- [Task requirements]: When you copy the entries, match them exactly and omit the pictures.

Collected data entries:
_____

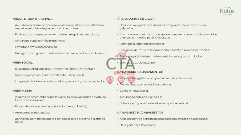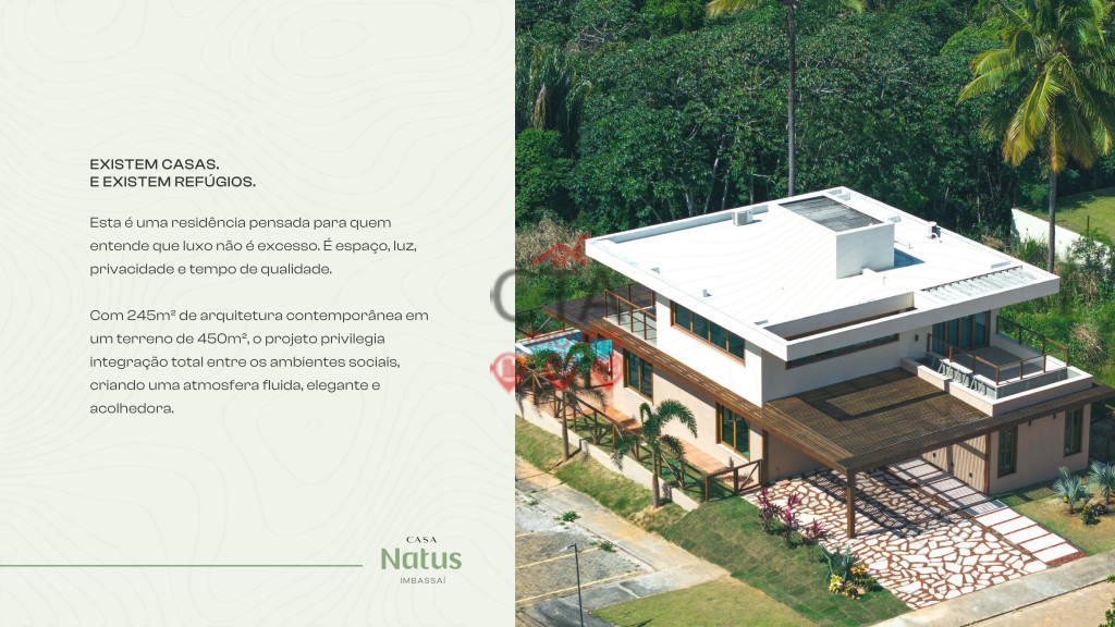 Esta não é apenas uma residência; é um projeto autoral pensado para quem entende que o verdadeiro luxo está no espaço, na luz e no tempo de qualidade. Localizada no Condomínio Natus, dentro do prestigiado complexo Reserva Imbassaí, onde o rio e o mar se encontram em perfeita harmonia. 🏝️
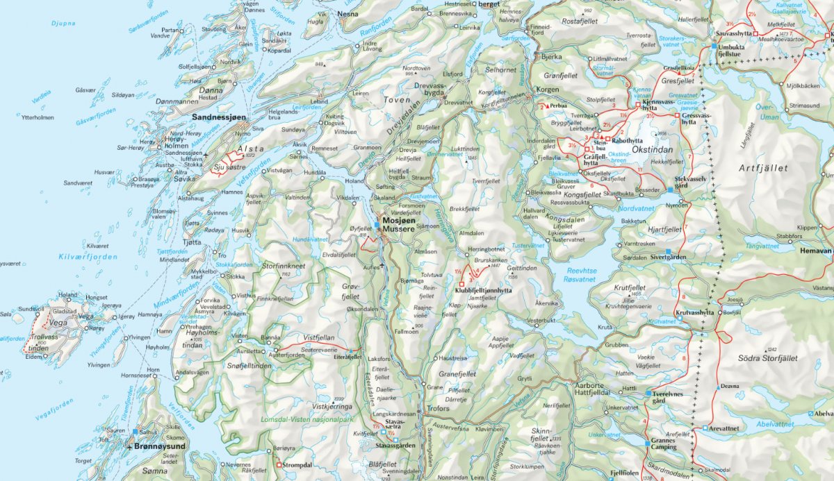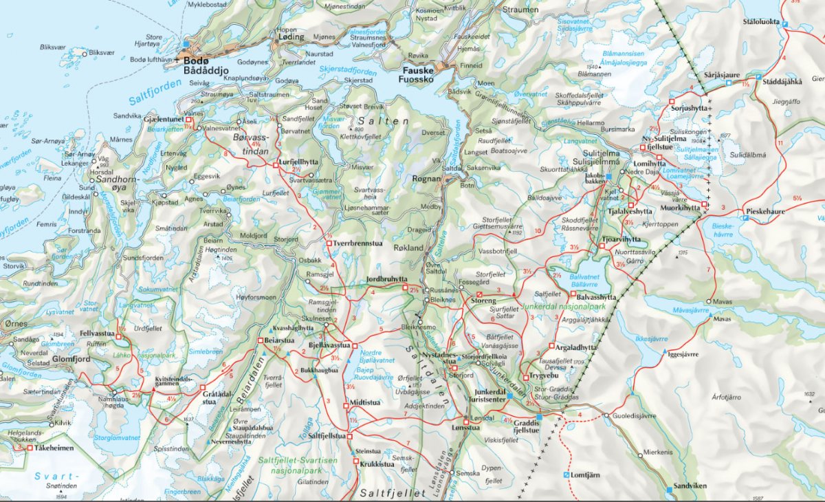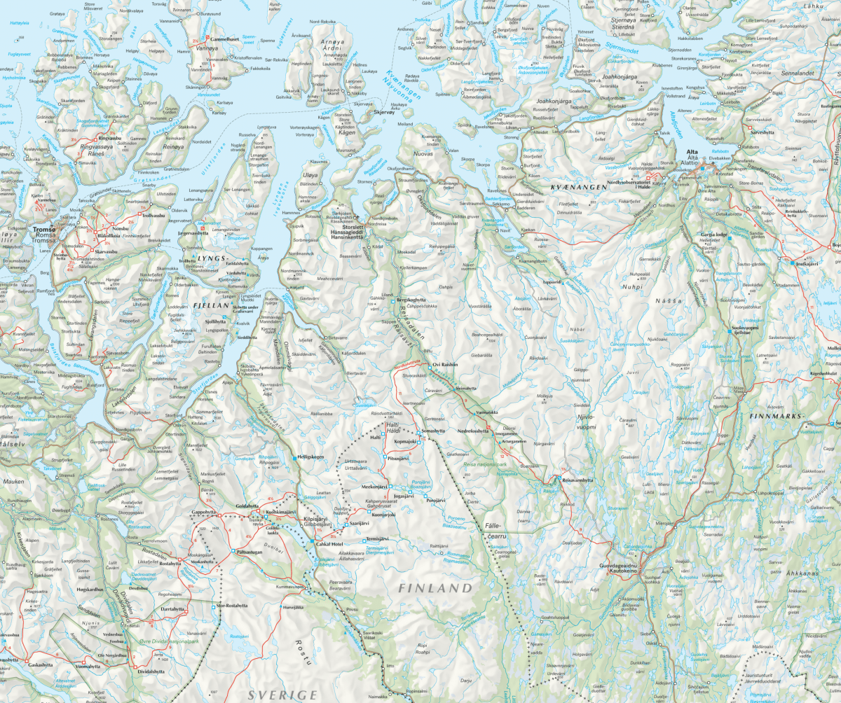 Dette oversiktskartet gjør det enklere å planlegge fotturer i skog og fjell. Her finner du alle DNT-hytter, andre overnattingssteder og et stort utvalg av stier. Kartet egner seg kun til planlegging; til selve turen trenger du et detaljert turkart.
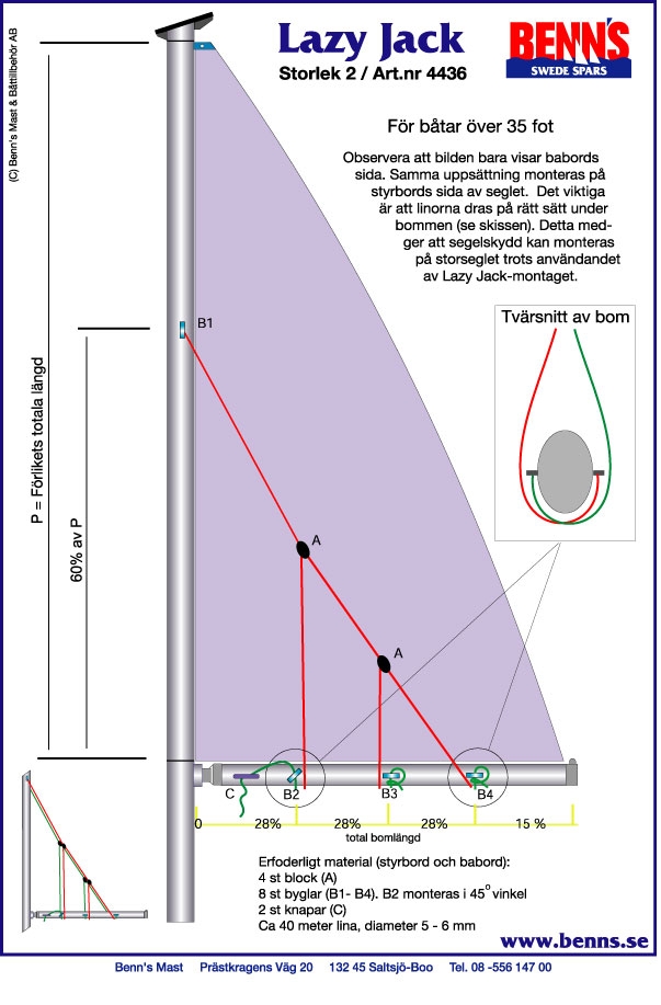 Lazy Jacks 2, för båtar över 35 fot, standardbomSpecifikationer
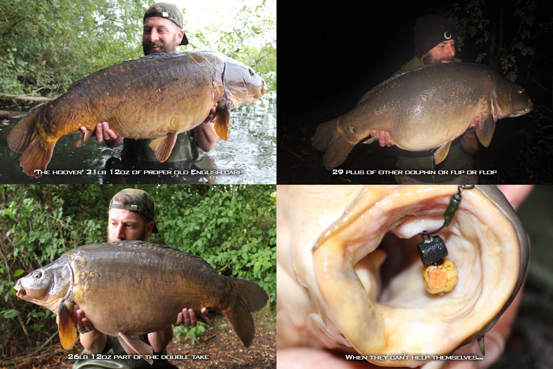 Thursday morning began with a early morning wakeup call from a immaculate 27lb 6oz common, which little did I know was going to become a regular visitor to me. At 8.30am Big Lee and I we’re having a brew and putting the world to rights, when the middle rod signalled a take. This resulted in a big boat battle and landing the fish two swims up, which turned out to be a 26lb 6oz mirror. I moored the boat up and went to get my unhooking mat and accessories from my swim. When I walked into the swim I was greeted by the hanger on my left rod buried into my buzzer and the rod hooped round. I ran back to the boat, secured the fish in the margins, stole my pals net and set sail again. After another long deep battle in the weed my net was soon filled with a low thirty original. The fish turned out to be the very sought after ‘Hoover’ weighing 31lb 12oz. What a carp and potentially 45 years old. I took some pictures and returned both fish. A brew was well needed.
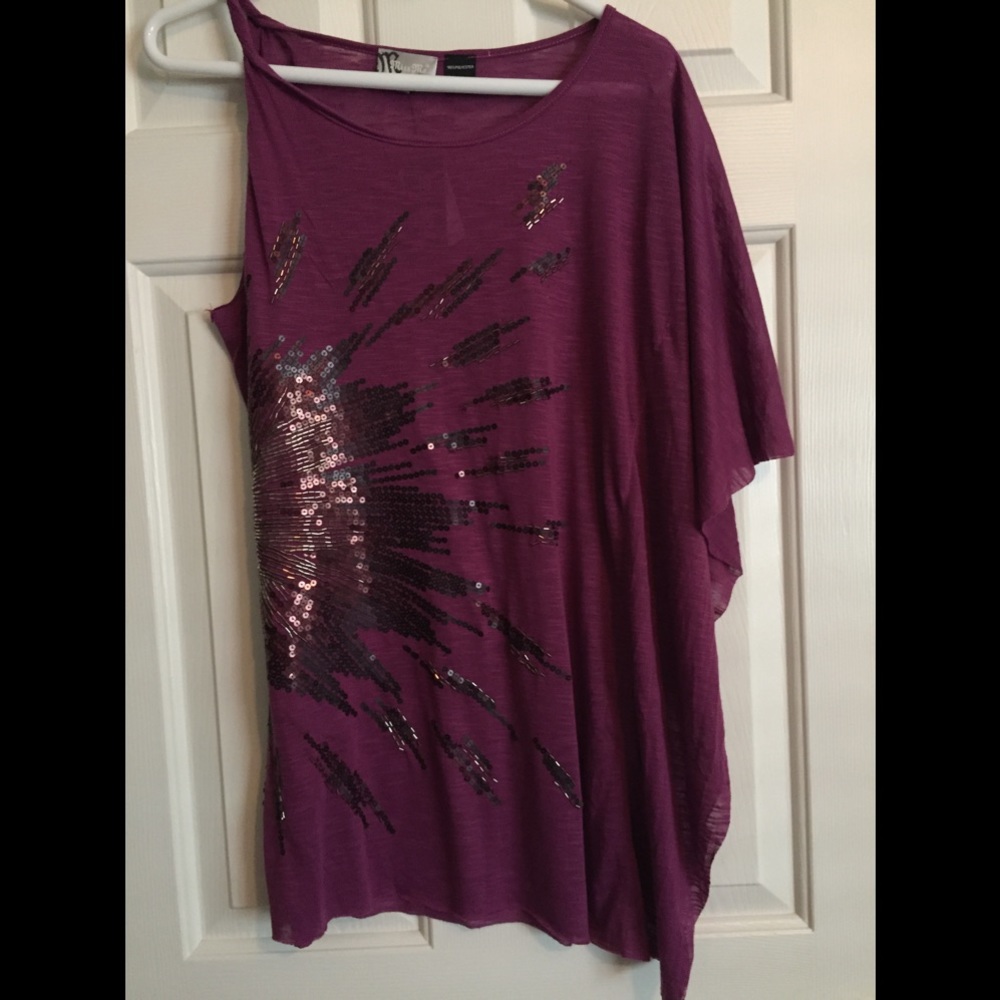 Plum top with One side sleeveless other flowey very figure flattering. Embellished with beads & sequins. New with tags
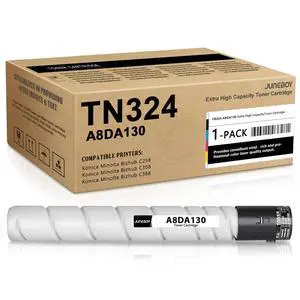 Juneboy TN324 (A8DA130) High Yield Toner Cartridge (Black,1-Pack) Compatible TN-324 TN324 Black Toner Cartridges Replacement for Konica Minolta Bizhub C258 C308 C368 Printers
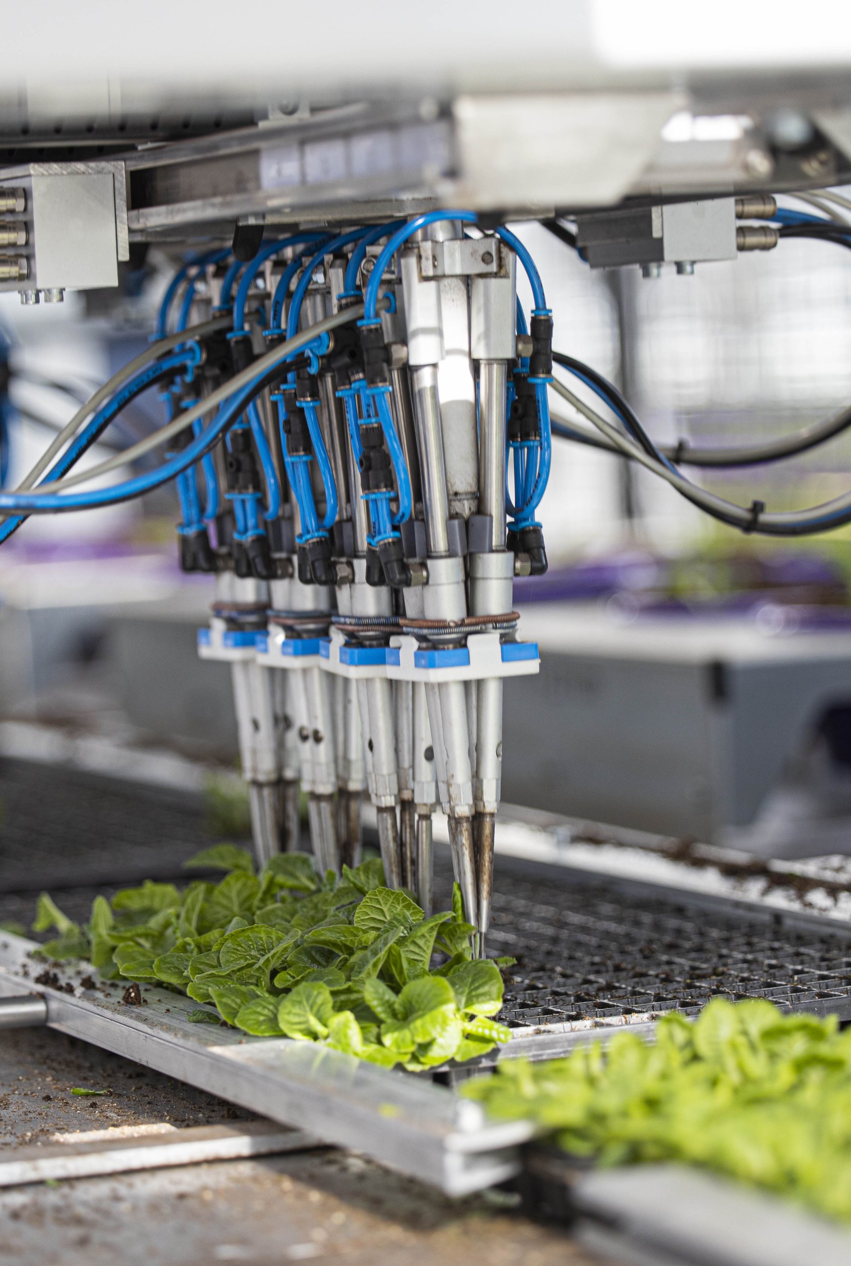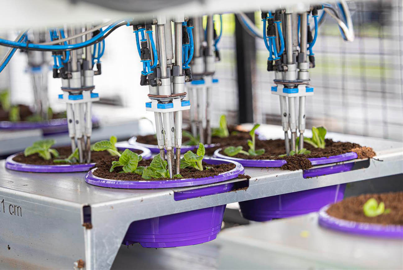 The Pic-O-Mat GR-2700 transplanter has impressive speed, flexibility, and ease of use. 24 independent servo-controlled grippers move up to 45,000 plants per hour with high speed and accuracy. The Pic-O-Mat GR-2700 is designed for growers with a wide range of transplant programs.
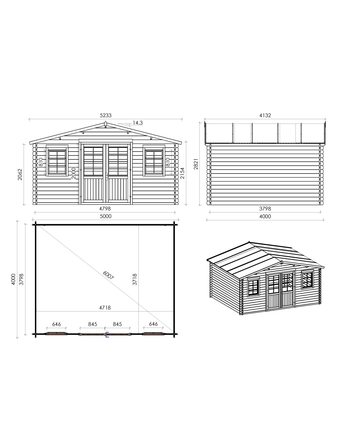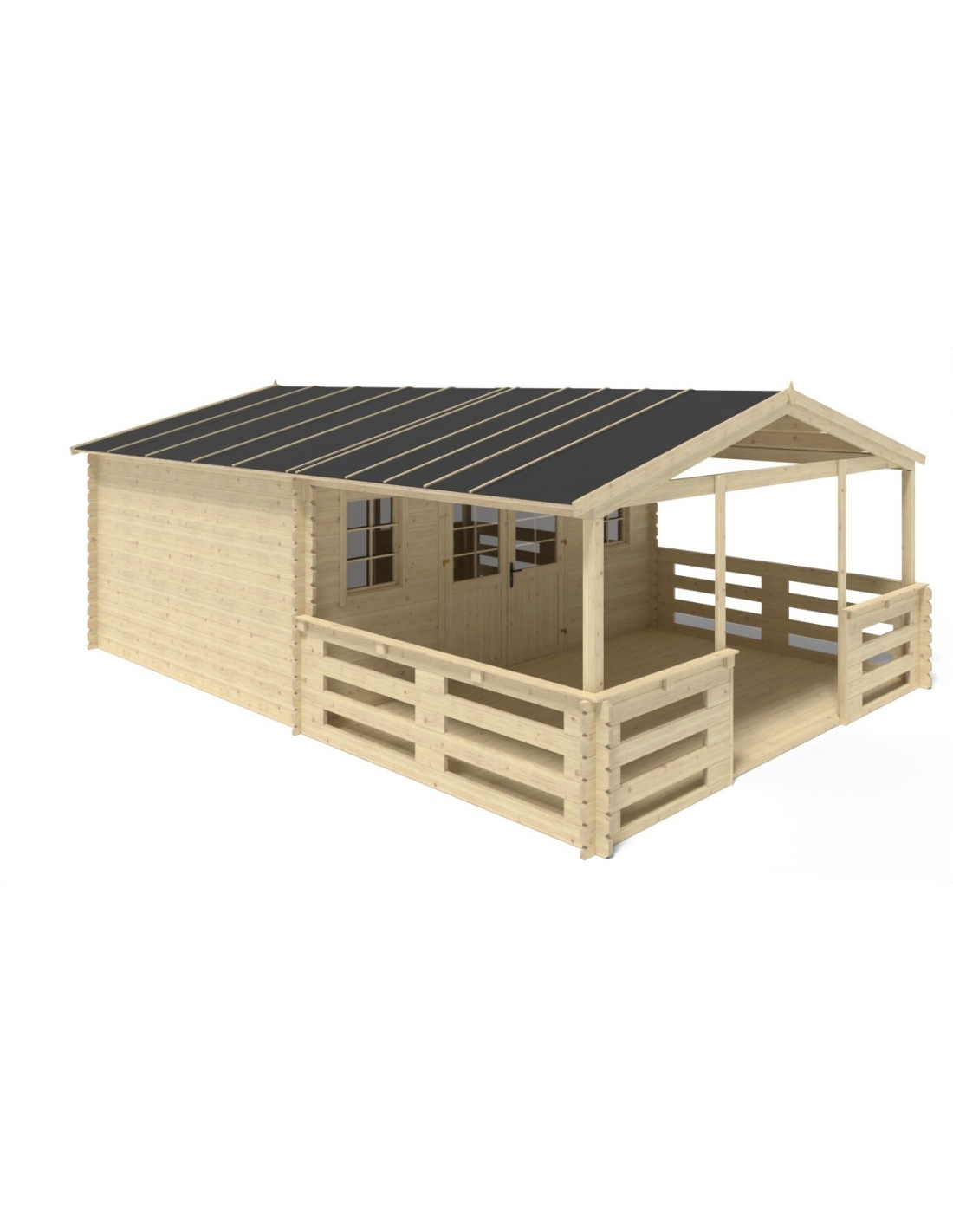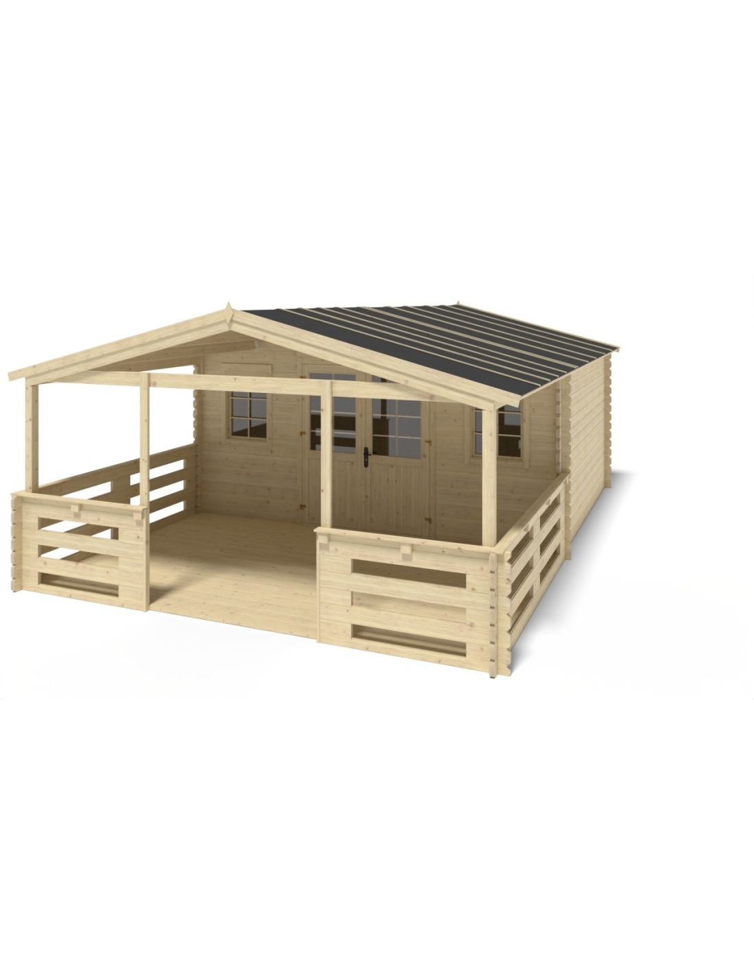 Gartenhaus aus Holz DOM598+DOM614+DOM616+POD04 von ALTANKA p.s.a. ist idealer Ort zum Entspannen und zum Spaß für die ganze Familie. Das Haus ist aus hochwertigem Holz gefertigt. Es ist 5M breit und 4M tief, was viel Platz innen bietet.
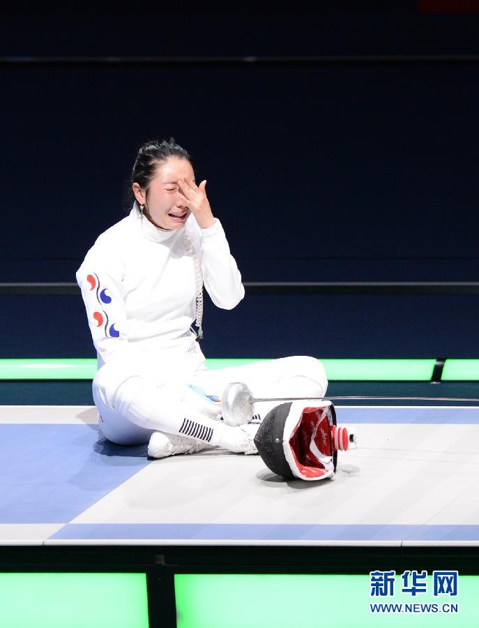 7月30日,韩国选手申雅岚在伦敦奥运会女子个人重剑半决赛中对阵德国选手海德曼,由于决定胜负的一剑产生争议,被判输掉比赛的申雅岚在赛场痛哭,并拒绝离开。截至发稿时,技术官员仍在处理韩国代表团提出的上诉,申雅岚仍未离开。新华社记者曾毅摄
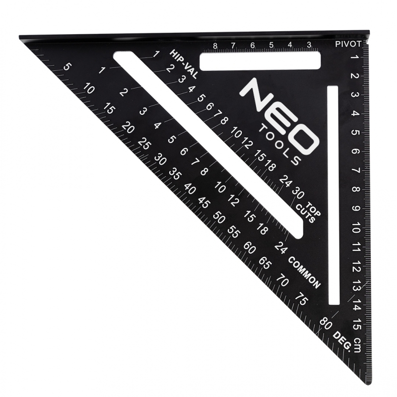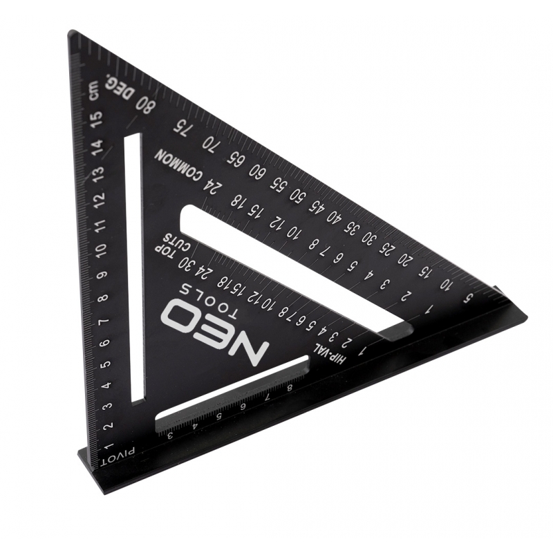 Kątownik 15 cm, wykonany z aluminium, wymiary 18,3x18,3x2,2 cm, do szybkiego wyznaczania kątów 45 i 90°, podziałka w cm i calach, specjalistyczne podziałki kątowe przeznaczone do pomiarów wykonywanych przy pracach dekarskich i ciesielskich
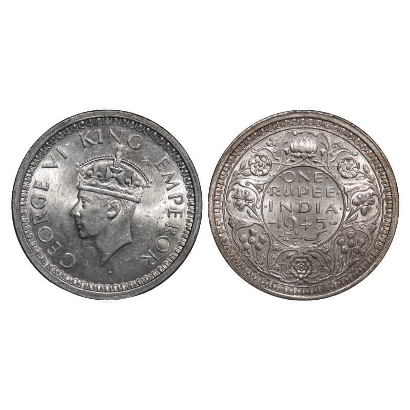 George VI, Half Silver, Rupee, 1945, Lahore Mint, D/II, 'L' raised, Security edge, Normal 5, Thick ...

_____

- [Output]:
 Esta não é apenas uma residência; é um projeto autoral pensado para quem entende que o verdadeiro luxo está no espaço, na luz e no tempo de qualidade. Localizada no Condomínio Natus, dentro do prestigiado complexo Reserva Imbassaí, onde o rio e o mar se encontram em perfeita harmonia. 🏝️
 Dette oversiktskartet gjør det enklere å planlegge fotturer i skog og fjell. Her finner du alle DNT-hytter, andre overnattingssteder og et stort utvalg av stier. Kartet egner seg kun til planlegging; til selve turen trenger du et detaljert turkart.
 Lazy Jacks 2, för båtar över 35 fot, standardbomSpecifikationer
 Thursday morning began with a early morning wakeup call from a immaculate 27lb 6oz common, which little did I know was going to become a regular visitor to me. At 8.30am Big Lee and I we’re having a brew and putting the world to rights, when the middle rod signalled a take. This resulted in a big boat battle and landing the fish two swims up, which turned out to be a 26lb 6oz mirror. I moored the boat up and went to get my unhooking mat and accessories from my swim. When I walked into the swim I was greeted by the hanger on my left rod buried into my buzzer and the rod hooped round. I ran back to the boat, secured the fish in the margins, stole my pals net and set sail again. After another long deep battle in the weed my net was soon filled with a low thirty original. The fish turned out to be the very sought after ‘Hoover’ weighing 31lb 12oz. What a carp and potentially 45 years old. I took some pictures and returned both fish. A brew was well needed.
 Plum top with One side sleeveless other flowey very figure flattering. Embellished with beads & sequins. New with tags
 Juneboy TN324 (A8DA130) High Yield Toner Cartridge (Black,1-Pack) Compatible TN-324 TN324 Black Toner Cartridges Replacement for Konica Minolta Bizhub C258 C308 C368 Printers
 The Pic-O-Mat GR-2700 transplanter has impressive speed, flexibility, and ease of use. 24 independent servo-controlled grippers move up to 45,000 plants per hour with high speed and accuracy. The Pic-O-Mat GR-2700 is designed for growers with a wide range of transplant programs.
 Gartenhaus aus Holz DOM598+DOM614+DOM616+POD04 von ALTANKA p.s.a. ist idealer Ort zum Entspannen und zum Spaß für die ganze Familie. Das Haus ist aus hochwertigem Holz gefertigt. Es ist 5M breit und 4M tief, was viel Platz innen bietet.
 7月30日,韩国选手申雅岚在伦敦奥运会女子个人重剑半决赛中对阵德国选手海德曼,由于决定胜负的一剑产生争议,被判输掉比赛的申雅岚在赛场痛哭,并拒绝离开。截至发稿时,技术官员仍在处理韩国代表团提出的上诉,申雅岚仍未离开。新华社记者曾毅摄
 Kątownik 15 cm, wykonany z aluminium, wymiary 18,3x18,3x2,2 cm, do szybkiego wyznaczania kątów 45 i 90°, podziałka w cm i calach, specjalistyczne podziałki kątowe przeznaczone do pomiarów wykonywanych przy pracach dekarskich i ciesielskich
 George VI, Half Silver, Rupee, 1945, Lahore Mint, D/II, 'L' raised, Security edge, Normal 5, Thick ...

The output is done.